RECORD SET
-----
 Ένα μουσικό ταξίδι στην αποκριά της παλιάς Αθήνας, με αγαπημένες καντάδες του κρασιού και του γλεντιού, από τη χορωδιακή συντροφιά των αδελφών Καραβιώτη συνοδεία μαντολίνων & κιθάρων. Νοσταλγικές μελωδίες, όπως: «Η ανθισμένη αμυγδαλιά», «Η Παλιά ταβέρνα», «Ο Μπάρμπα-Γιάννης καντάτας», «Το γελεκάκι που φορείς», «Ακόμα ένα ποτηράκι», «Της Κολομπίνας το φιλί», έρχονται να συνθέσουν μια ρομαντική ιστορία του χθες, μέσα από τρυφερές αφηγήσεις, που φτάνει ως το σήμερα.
-----
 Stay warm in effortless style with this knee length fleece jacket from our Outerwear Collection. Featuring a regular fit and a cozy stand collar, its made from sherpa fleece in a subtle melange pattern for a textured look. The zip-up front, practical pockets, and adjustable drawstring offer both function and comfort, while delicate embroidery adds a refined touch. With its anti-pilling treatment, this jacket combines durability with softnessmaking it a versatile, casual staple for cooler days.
-----
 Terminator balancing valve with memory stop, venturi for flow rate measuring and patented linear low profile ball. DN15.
-----
DIRECTIONS FOR THIS TASK
Find every line above where the word "with" occurs, and copy that line.

REPLY
 Stay warm in effortless style with this knee length fleece jacket from our Outerwear Collection. Featuring a regular fit and a cozy stand collar, its made from sherpa fleece in a subtle melange pattern for a textured look. The zip-up front, practical pockets, and adjustable drawstring offer both function and comfort, while delicate embroidery adds a refined touch. With its anti-pilling treatment, this jacket combines durability with softnessmaking it a versatile, casual staple for cooler days.
 Terminator balancing valve with memory stop, venturi for flow rate measuring and patented linear low profile ball. DN15.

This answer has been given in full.